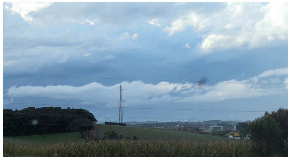
Massa de ar frio chegou ao Sudoeste trazendo o primeiro friozinho do ano
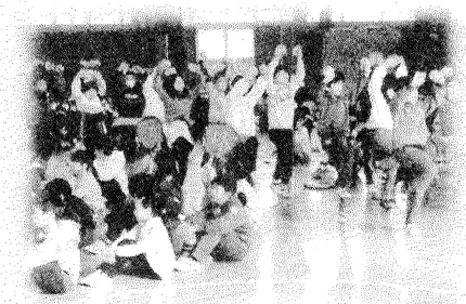
6年生に教えてもらったさんさを披露（2年）
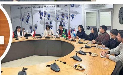
El seminario interno "Perspectivas de investigación sobre autoritarismo y movimientos sociales".
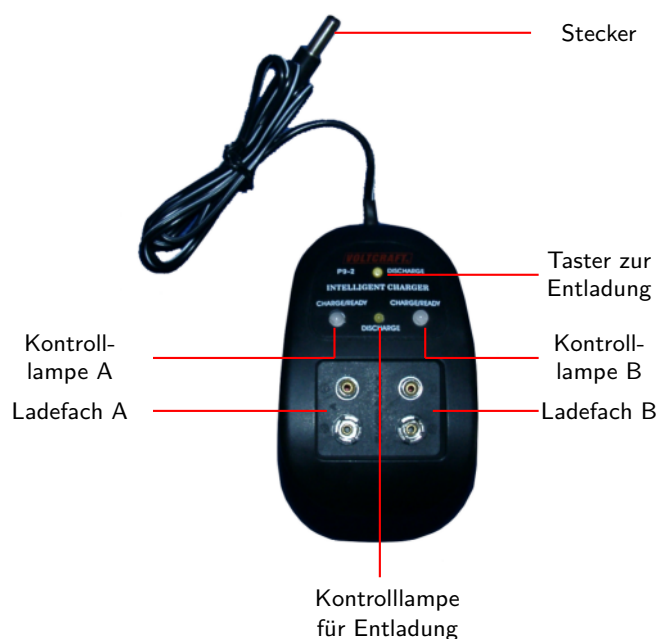
Abbildung 7: Vorderansicht Ladegerät

Die Abbildung 7 zeigt die Vorderseite des Ladegerätes und deren Funktionen.
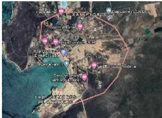
Figura 2 Ubicación Comuna Ayangue

El negocio estará situado en la comuna Ayangue de la parroquia Colonche, perteneciente a la provincia de Santa Elena, ya que se puede practicar buceo, snorkeling, y algunos deportes acuáticos que incentivan la visita de turistas nacionales y extranjeros en temporadas altas y en feriados nacionales.
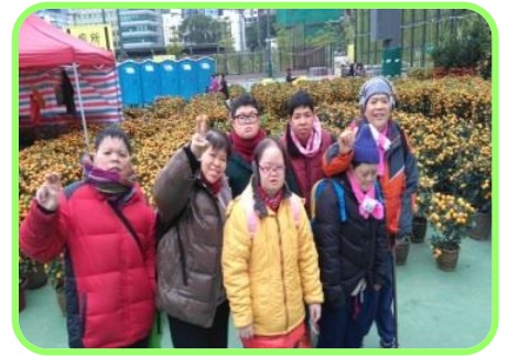
2月3日~行花市 學員在年宵花市購買賀年食品和賀年花卉，感受農曆新年的節日氣氛。
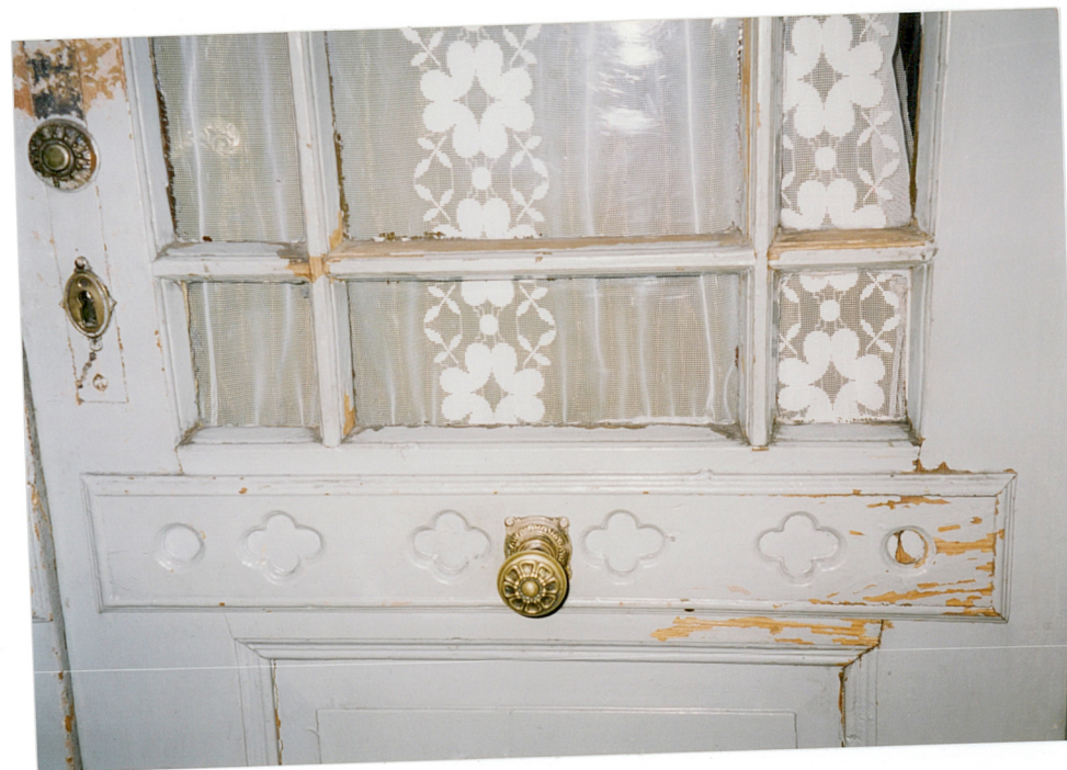
27. gałki i zamek w drzwiach wejściowych do mieszkania [REDACTED]
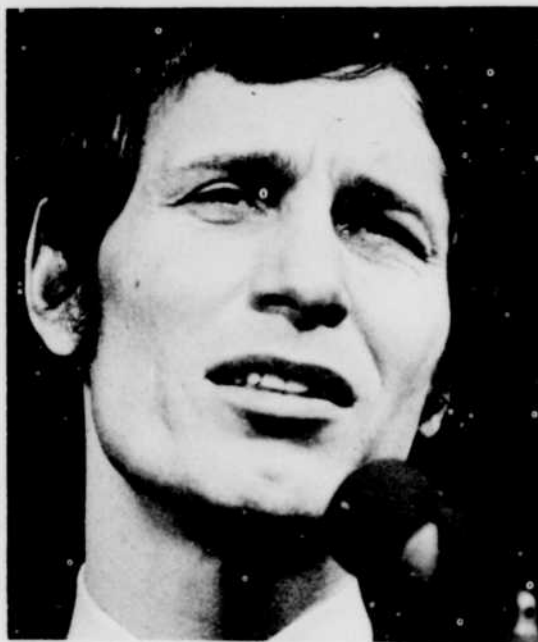
JEAN-PIERRE FERLAND, à la Boîte à chansons de «Jeunesse oblige», jeudi à 6 heures.
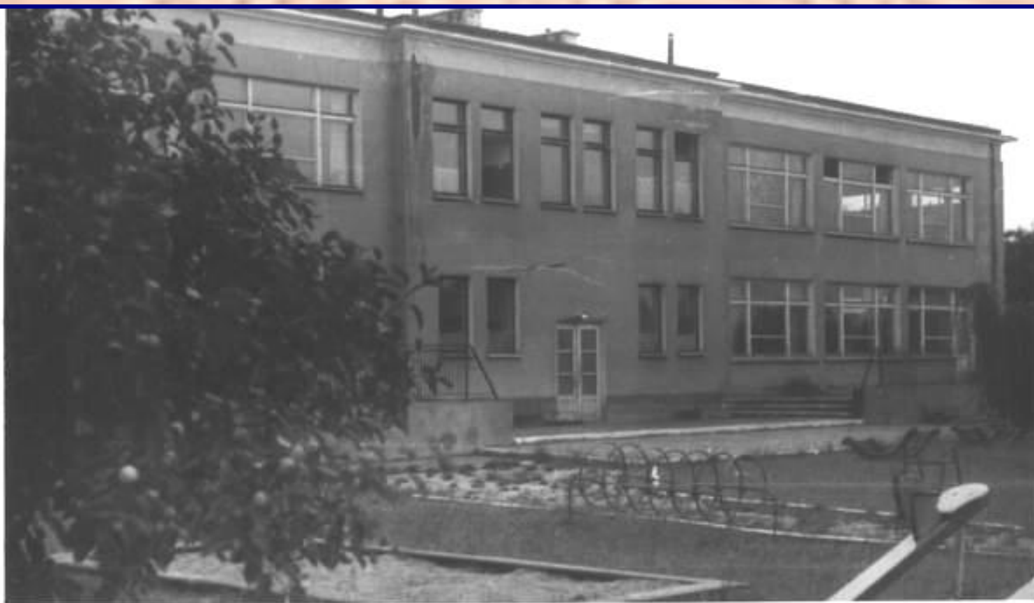
Państwowe Przedszkole w Biłgoraju

Governmental Kindergarten גן ילדים ממשלתי
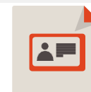
Identificación del I padre I
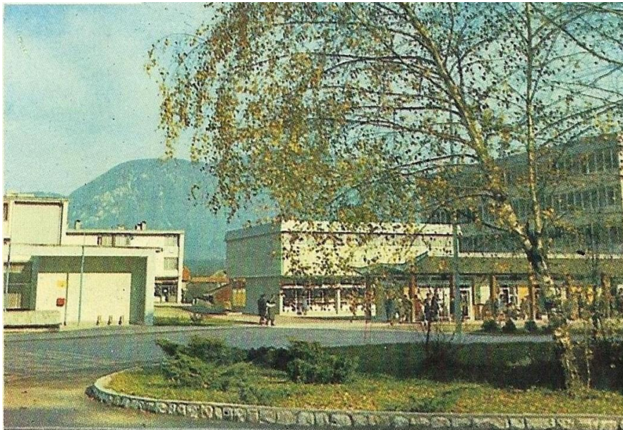
Avtobusna postaja v Radovljici, ok. 1965 Vir: Digitalni arhiv Radovljica (razglednica od. 1965)

◆ EXERCISE AIM ◆
Everything from the first line of the listing above through the line that contains "Figura 2 Ubicación Comuna Ayangue" is to be restated word for word, minus the pictures.

◆ RESULT OF THE EXERCISE ◆
Massa de ar frio chegou ao Sudoeste trazendo o primeiro friozinho do ano
6年生に教えてもらったさんさを披露（2年）
El seminario interno "Perspectivas de investigación sobre autoritarismo y movimientos sociales".
Abbildung 7: Vorderansicht Ladegerät

Die Abbildung 7 zeigt die Vorderseite des Ladegerätes und deren Funktionen.
Figura 2 Ubicación Comuna Ayangue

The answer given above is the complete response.